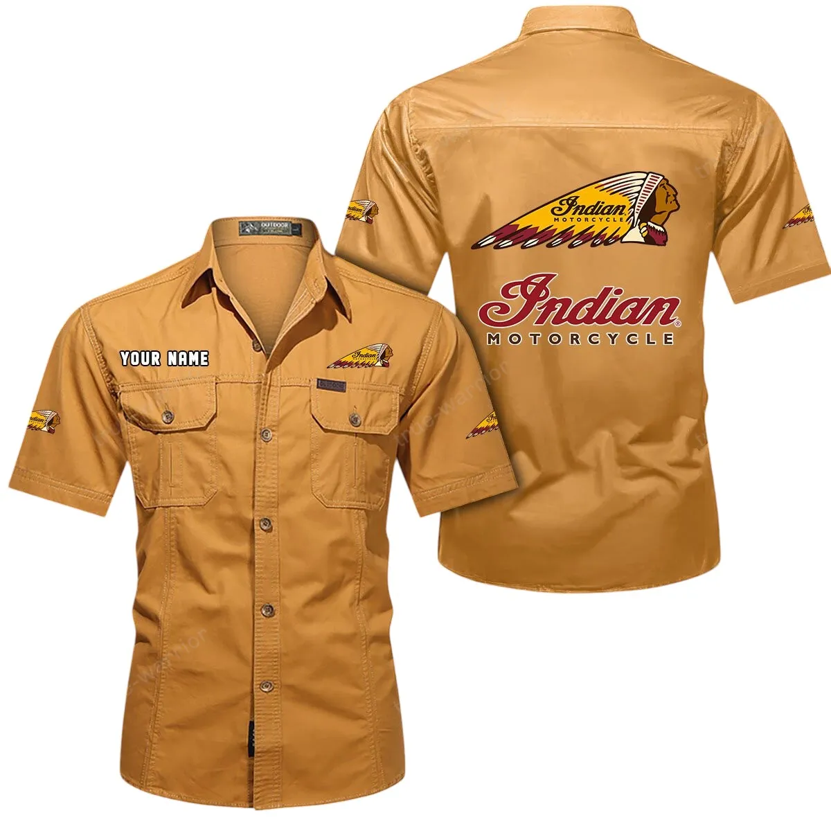 Indian Motorcycle Short Sleeved Shirt, All Over Print Button Shirt CAR444052625806 – Turmeric
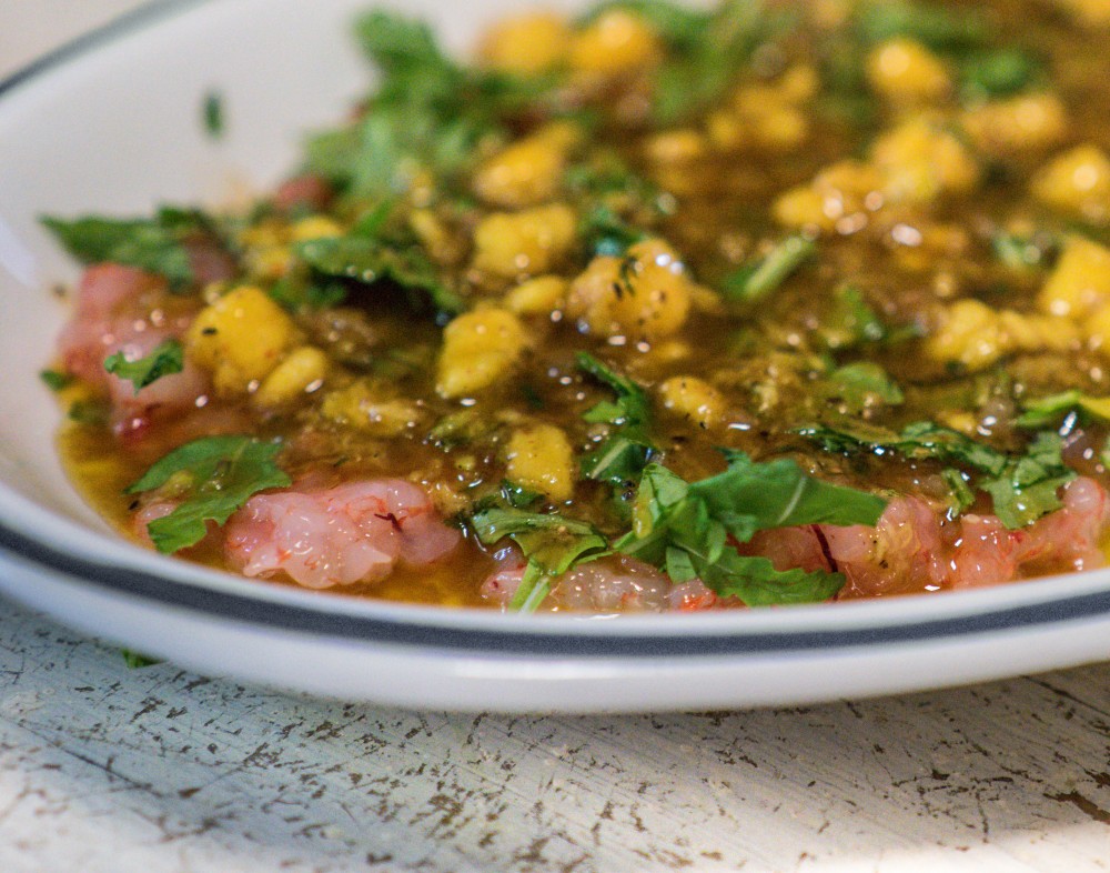 Riponete in un vassoio il gambero, salate e aggiungete la vinagreta precedentemente mescolata con il mango tagliato a cubetti.
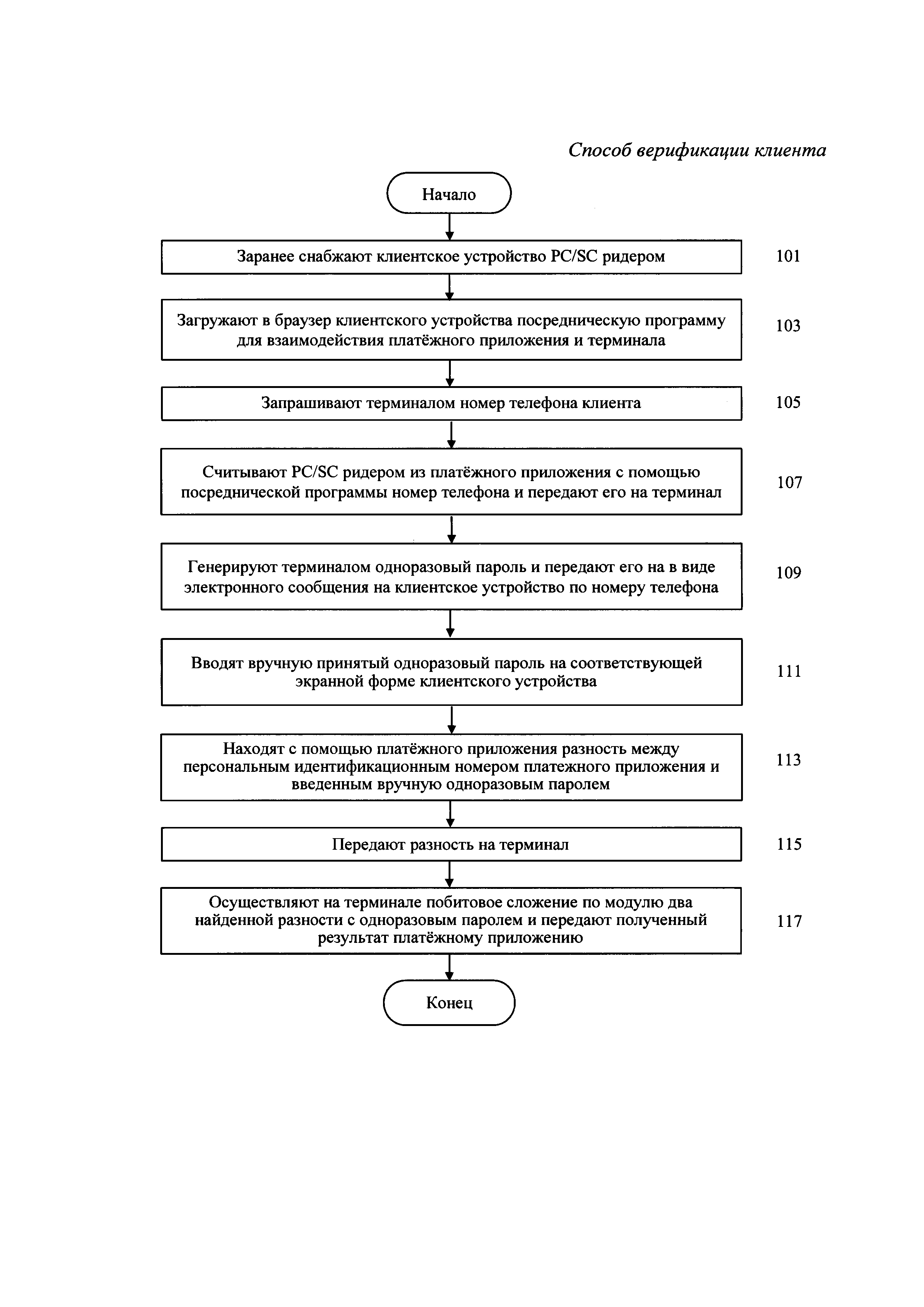 Область техники, к которой относится изобретение Данное изобретение относится в общем к методам осуществления транзакций, а в частности - к способу верификации клиента, являющегося держателем микропроцессорной карты с платежным приложением, при Интернет-транзакции. Уровень техники Осуществление верификации клиента (держателя карты) при осуществлении Интернет-транзакций может выполняться разными способами. В патенте РФ №2530323 (опубл. 10.10.2014) описан способ безопасного использования банковских карт, в котором данные с карты вводятся на веб-странице поставщика товаров (услуг), инициирующего сеанс связи с телефоном пользователя, номер которого привязан к номеру карты. В патенте США №7690027 (опубл. 30.03.2010) описан способ, в котором в SIM-картах заранее отпечатаны скрытые оболочки с кодами активации и ссылочные видимые коды. Все эти коды хранятся в сервере безопасности. Пользователю сообщают один ссылочный код в обмен на заполнение формы с персональными данными. При активации этот код вместе со своим кодом активации сохраняются вместе с идентификатором карты. В патенте США №7693797 (опубл. 06.04.2010) описан способ, в котором провайдер использует общие секреты и начальные числа в коде хешированных машинных адресов с секретными ключами для генерирования списка маркеров аутентификации, содержащих имя пользователя и пароль, для продаж. Общие секреты и начальные числа распределяются также в местных устройствах для генерирования такого же списка. Пользователь получает от местного устройства маркер аутентификации и предъявляет его удаленному провайдеру. Недостатком всех этих и иных аналогов является использование статического пароля (кода), что снижает надежность верификации клиента, поскольку статические пароли нужно хранить достаточно продолжительное время, в течение которого они могут стать доступны злоумышленнику. Раскрытие изобретения Задачей, на решение которой направлено настоящее изобретение, является повышение надежности верификации держателя микропроцессорной карты с платежным приложением (клиента). Для решения этой задачи и достижения указанного технического результата в настоящем изобретении предложен способ верификации клиента, являющегося держателем микропроцессорной карты с платежным приложением при совершении Интернет-транзакции, проводимой через терминал с использованием клиентского устройства, которое может осуществлять обмен данными с терминалом через телефонные сети, заключающийся в том, что: заранее снабжают клиентское устройство PC/SC ридером; в процессе осуществления транзакции загружают в браузер клиентского устройства посредническую программу для взаимодействия между терминалом и платежным приложением; запрашивают терминалом номер телефона клиента; считывают PC/SC ридером из платежного приложения с помощью посреднической программы номер телефона и передают его терминалу; генерируют терминалом одноразовый пароль и передают его в виде электронного сообщения на номер телефона клиента; вводят вручную принятый одноразовый пароль на соответствующей экранной форме клиентского устройства; находят с помощью платежного приложения разность между персональным идентификационным номером (ПИН), зафиксированным в отношении платежного приложения, и введенным вручную одноразовым паролем, сгенериров

▶ Exercise requirements
With the pictures left out, transcribe the material exactly.

▶ Problem solution
 Indian Motorcycle Short Sleeved Shirt, All Over Print Button Shirt CAR444052625806 – Turmeric
 Riponete in un vassoio il gambero, salate e aggiungete la vinagreta precedentemente mescolata con il mango tagliato a cubetti.
 Область техники, к которой относится изобретение Данное изобретение относится в общем к методам осуществления транзакций, а в частности - к способу верификации клиента, являющегося держателем микропроцессорной карты с платежным приложением, при Интернет-транзакции. Уровень техники Осуществление верификации клиента (держателя карты) при осуществлении Интернет-транзакций может выполняться разными способами. В патенте РФ №2530323 (опубл. 10.10.2014) описан способ безопасного использования банковских карт, в котором данные с карты вводятся на веб-странице поставщика товаров (услуг), инициирующего сеанс связи с телефоном пользователя, номер которого привязан к номеру карты. В патенте США №7690027 (опубл. 30.03.2010) описан способ, в котором в SIM-картах заранее отпечатаны скрытые оболочки с кодами активации и ссылочные видимые коды. Все эти коды хранятся в сервере безопасности. Пользователю сообщают один ссылочный код в обмен на заполнение формы с персональными данными. При активации этот код вместе со своим кодом активации сохраняются вместе с идентификатором карты. В патенте США №7693797 (опубл. 06.04.2010) описан способ, в котором провайдер использует общие секреты и начальные числа в коде хешированных машинных адресов с секретными ключами для генерирования списка маркеров аутентификации, содержащих имя пользователя и пароль, для продаж. Общие секреты и начальные числа распределяются также в местных устройствах для генерирования такого же списка. Пользователь получает от местного устройства маркер аутентификации и предъявляет его удаленному провайдеру. Недостатком всех этих и иных аналогов является использование статического пароля (кода), что снижает надежность верификации клиента, поскольку статические пароли нужно хранить достаточно продолжительное время, в течение которого они могут стать доступны злоумышленнику. Раскрытие изобретения Задачей, на решение которой направлено настоящее изобретение, является повышение надежности верификации держателя микропроцессорной карты с платежным приложением (клиента). Для решения этой задачи и достижения указанного технического результата в настоящем изобретении предложен способ верификации клиента, являющегося держателем микропроцессорной карты с платежным приложением при совершении Интернет-транзакции, проводимой через терминал с использованием клиентского устройства, которое может осуществлять обмен данными с терминалом через телефонные сети, заключающийся в том, что: заранее снабжают клиентское устройство PC/SC ридером; в процессе осуществления транзакции загружают в браузер клиентского устройства посредническую программу для взаимодействия между терминалом и платежным приложением; запрашивают терминалом номер телефона клиента; считывают PC/SC ридером из платежного приложения с помощью посреднической программы номер телефона и передают его терминалу; генерируют терминалом одноразовый пароль и передают его в виде электронного сообщения на номер телефона клиента; вводят вручную принятый одноразовый пароль на соответствующей экранной форме клиентского устройства; находят с помощью платежного приложения разность между персональным идентификационным номером (ПИН), зафиксированным в отношении платежного приложения, и введенным вручную одноразовым паролем, сгенериров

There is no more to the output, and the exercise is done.